Cleaner fish recognize themselves in photos – knowledge

Cleaner fish are something like the hairdressers of the sea. Other fish come into their underwater salons as customers to have parasites eaten from their bodies and mouths. As a reward for this service, the cleaner bites off a piece of his customers from time to time.

So that the customers keep coming back despite the painful bites, cleaner fish proceed tactically. At the next appointment, she treats clients who have particularly mistreated her to a small massage, during which they ride on the clients’ backs. Predatory fish are generally not bitten, because if they should ever bite back, then that was it with the hairdresser. Cleaner fish seem to know that. Even when other fish are watching at work, cleaners hold back and bite less often or not at all. It’s like they don’t want to damage their reputation.

The fish, which are only about ten centimeters in size, can therefore distinguish between their customers and even seem to understand the situation they are in and the relationship they have with them. So it’s hardly surprising that cleaner fish can also recognize themselves in a mirror – and even in photoslike a team led by Masanori Kohda from Osaka Metropolitan University in the journal PNAS describes.

After looking in the mirror, the fish tried to scratch off a parasite

In a first experiment, the biologists working with Kohda attached a brown plastic bump to the neck of cleaner fish in the laboratory, which resembled a parasite. Then they observed the behavior of the animals in an aquarium that had a large mirror on one wall. After seeing themselves in the mirror with the bump, all the animals began rubbing their neck somewhere to get rid of the supposed parasite. “Our results clearly show that cleaner fish recognize themselves in the mirror,” write the study’s authors.

What does that mean? Some behaviorists believe that animals that recognize themselves in a mirror, like humans, perceive themselves as individuals and have an awareness of who they are. In addition to cleaner fish, apes, elephants, dolphins, horses and magpies have also passed the mirror test.

But does that really prove that all these animals have “self-awareness” like humans? People recognize themselves in the mirror because they have an idea of ​​what they look like and compare that mental image to the image they see in the mirror. Is it similar with cleaner fish? Or is there another mechanism behind it, for which self-awareness is not necessary? For example, it would be possible for the fish to match their movements with those of the mirror image.

To find out, the scientists showed their test animals static photos instead of a mirror.
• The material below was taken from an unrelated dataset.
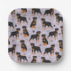 Les chiens mignons Rottweiler s'assoient et se tiennent avec des manteaux noirs et bronzés avec des os de chien éparpillés et des motifs de pawprints.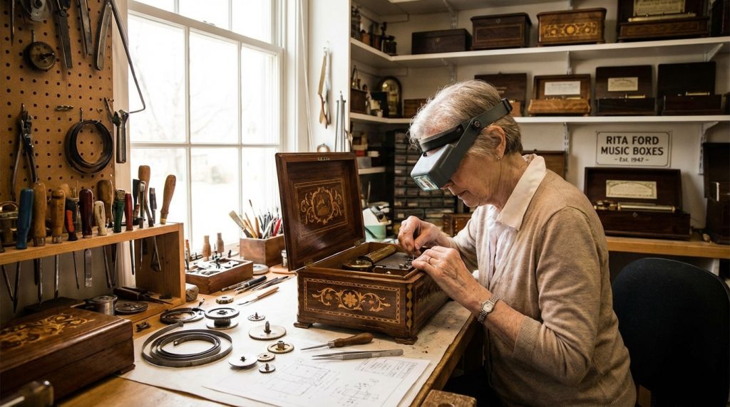 Since 1947, Rita Ford Music Boxes has been dedicated to the repair, restoration, and sale of antique music boxes, guided by a commitment to authenticity, craftsmanship, and musical integrity. This work is not merely about preserving objects—it is about preserving sound, history, and meaning.

In contrast to a mirror image, a comparison of the movements is of course not possible in this case. Each cleaner fish was presented with four different photos, which the researchers held to one side of the tank from the outside: a photo of themselves, one of another cleaner fish, an edited image of a stranger’s cleaner fish with their own face, and one of them edited image with the face of a strange cleaner fish on its own body.
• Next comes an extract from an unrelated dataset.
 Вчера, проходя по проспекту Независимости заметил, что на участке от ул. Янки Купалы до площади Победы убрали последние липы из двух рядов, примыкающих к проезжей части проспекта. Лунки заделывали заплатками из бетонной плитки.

The result was clear: the fish attacked all photos in which a foreign fish face could be seen, regardless of whether it was sitting on their own body or on someone else’s. They obviously saw them as conspecifics who wanted to invade their territory and compete with them for customers. On the other hand, she left photos with her own face alone.

According to the researchers, this means that cleaner fish recognize themselves in these photos – by their faces. This is different from people who also recognize their bodies in pictures and in the mirror. But in order to conclude that the photograph is of themselves, animals, like humans, must have some sort of mental image of what their face looks like, which they then compare to the photograph. According to the researchers, there is no other way to identify yourself in a photo.

What unexpected abilities do these little fish have? Having a mental image of yourself is a gigantic developmental step. Among other things, it is considered a prerequisite for emotions, desires and intentions and as a sign that the small fish – similar to a human being – is probably aware of who it is.